EXERCISE DIRECTIONS: Copy out exactly the lines spanning the line with "2024新款全复古老竹广式画眉广笼便宜圆形广西底鸟笼全套豪华配件" to the line with "Jika kita melihat", inclusive, from the data underneath, with no pictures.

DATASET CONTENT:
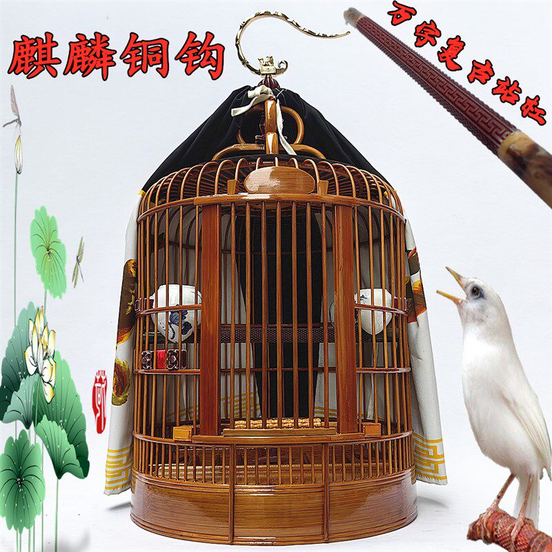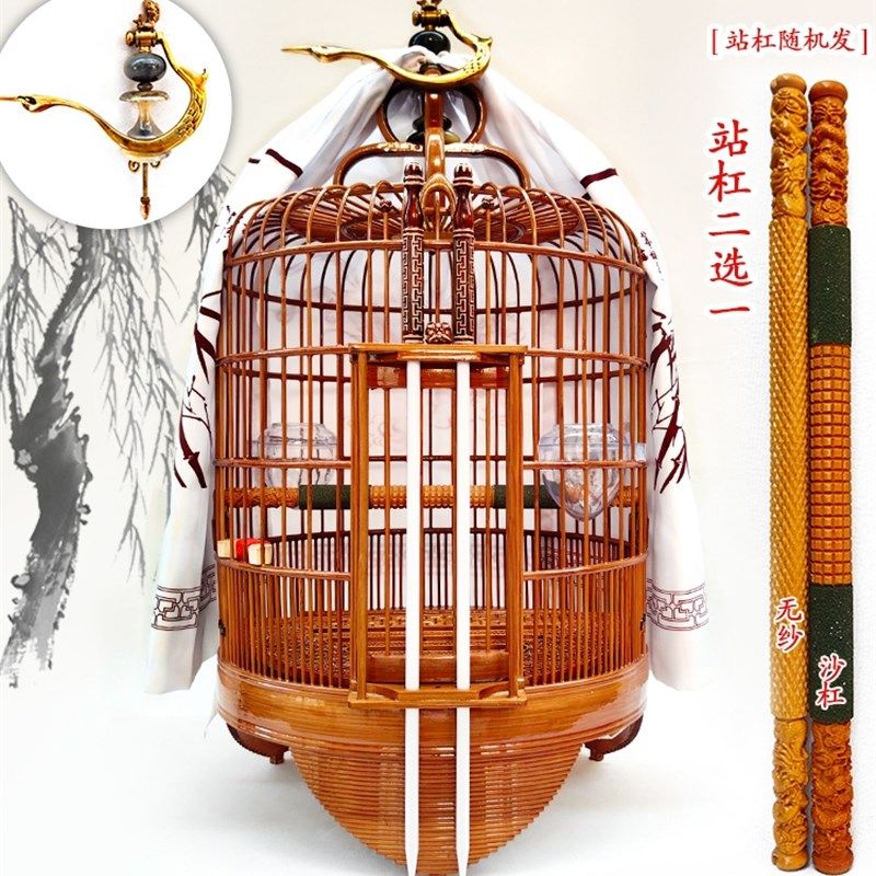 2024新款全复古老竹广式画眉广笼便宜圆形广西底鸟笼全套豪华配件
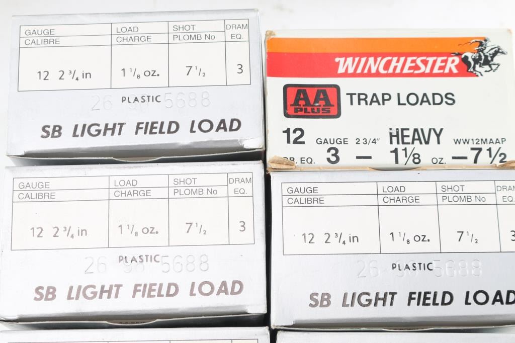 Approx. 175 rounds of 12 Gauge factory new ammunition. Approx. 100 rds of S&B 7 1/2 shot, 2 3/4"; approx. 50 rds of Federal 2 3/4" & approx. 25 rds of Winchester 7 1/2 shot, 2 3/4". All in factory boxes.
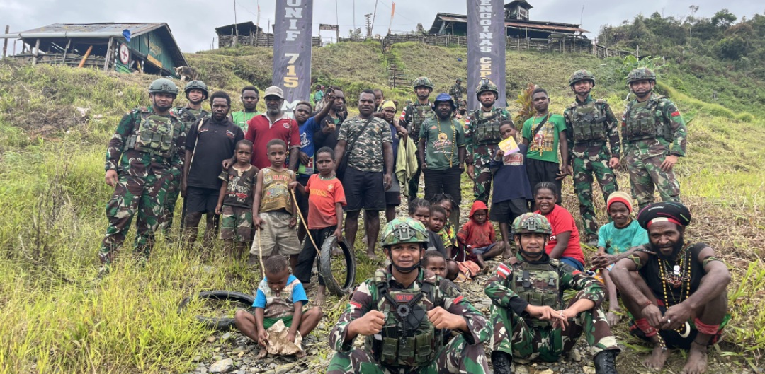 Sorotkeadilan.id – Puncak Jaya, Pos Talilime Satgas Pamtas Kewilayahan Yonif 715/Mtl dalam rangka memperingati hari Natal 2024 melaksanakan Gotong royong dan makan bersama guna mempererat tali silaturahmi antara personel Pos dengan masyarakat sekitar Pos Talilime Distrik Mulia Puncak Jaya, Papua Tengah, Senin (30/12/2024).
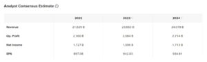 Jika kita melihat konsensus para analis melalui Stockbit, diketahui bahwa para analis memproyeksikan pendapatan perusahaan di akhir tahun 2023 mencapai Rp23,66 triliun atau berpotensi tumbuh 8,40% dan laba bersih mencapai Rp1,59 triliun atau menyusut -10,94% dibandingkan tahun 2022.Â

...

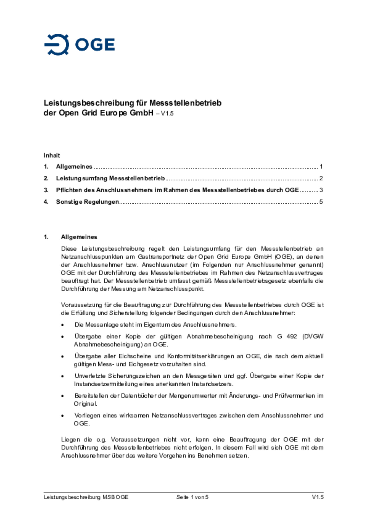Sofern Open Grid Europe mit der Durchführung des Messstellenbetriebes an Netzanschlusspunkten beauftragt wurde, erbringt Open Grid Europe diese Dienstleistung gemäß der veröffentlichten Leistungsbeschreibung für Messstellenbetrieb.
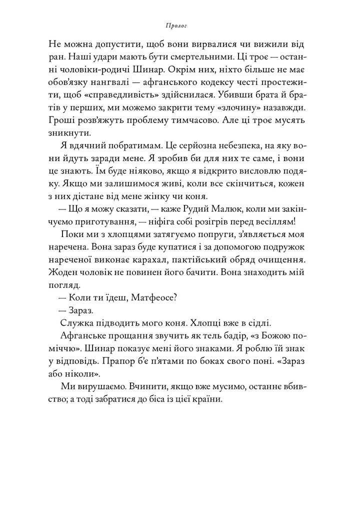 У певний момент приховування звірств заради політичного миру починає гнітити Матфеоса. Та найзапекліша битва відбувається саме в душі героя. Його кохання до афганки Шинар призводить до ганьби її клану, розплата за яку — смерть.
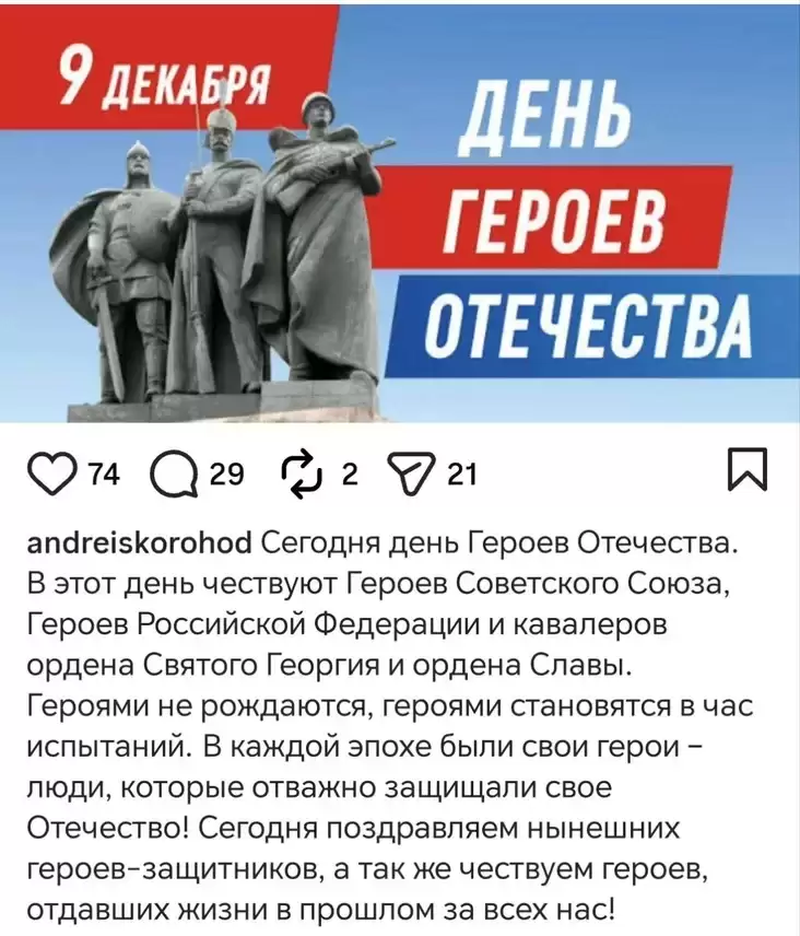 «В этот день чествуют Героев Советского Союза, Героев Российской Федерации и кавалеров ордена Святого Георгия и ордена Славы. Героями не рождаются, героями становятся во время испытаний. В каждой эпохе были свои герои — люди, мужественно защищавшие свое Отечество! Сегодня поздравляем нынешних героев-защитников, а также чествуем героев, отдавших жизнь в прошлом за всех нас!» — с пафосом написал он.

...

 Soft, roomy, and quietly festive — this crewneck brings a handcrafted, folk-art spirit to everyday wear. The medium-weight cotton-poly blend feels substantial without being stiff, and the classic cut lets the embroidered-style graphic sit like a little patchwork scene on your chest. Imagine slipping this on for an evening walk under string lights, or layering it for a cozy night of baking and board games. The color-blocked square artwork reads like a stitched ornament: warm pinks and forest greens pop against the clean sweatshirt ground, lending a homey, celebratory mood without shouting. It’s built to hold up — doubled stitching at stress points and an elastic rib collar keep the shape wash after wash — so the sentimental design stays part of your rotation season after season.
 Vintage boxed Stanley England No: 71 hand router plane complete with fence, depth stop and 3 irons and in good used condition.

SOLUTION TO THIS EXERCISE:
 2024新款全复古老竹广式画眉广笼便宜圆形广西底鸟笼全套豪华配件
 Approx. 175 rounds of 12 Gauge factory new ammunition. Approx. 100 rds of S&B 7 1/2 shot, 2 3/4"; approx. 50 rds of Federal 2 3/4" & approx. 25 rds of Winchester 7 1/2 shot, 2 3/4". All in factory boxes.
 Sorotkeadilan.id – Puncak Jaya, Pos Talilime Satgas Pamtas Kewilayahan Yonif 715/Mtl dalam rangka memperingati hari Natal 2024 melaksanakan Gotong royong dan makan bersama guna mempererat tali silaturahmi antara personel Pos dengan masyarakat sekitar Pos Talilime Distrik Mulia Puncak Jaya, Papua Tengah, Senin (30/12/2024).
 Jika kita melihat konsensus para analis melalui Stockbit, diketahui bahwa para analis memproyeksikan pendapatan perusahaan di akhir tahun 2023 mencapai Rp23,66 triliun atau berpotensi tumbuh 8,40% dan laba bersih mencapai Rp1,59 triliun atau menyusut -10,94% dibandingkan tahun 2022.Â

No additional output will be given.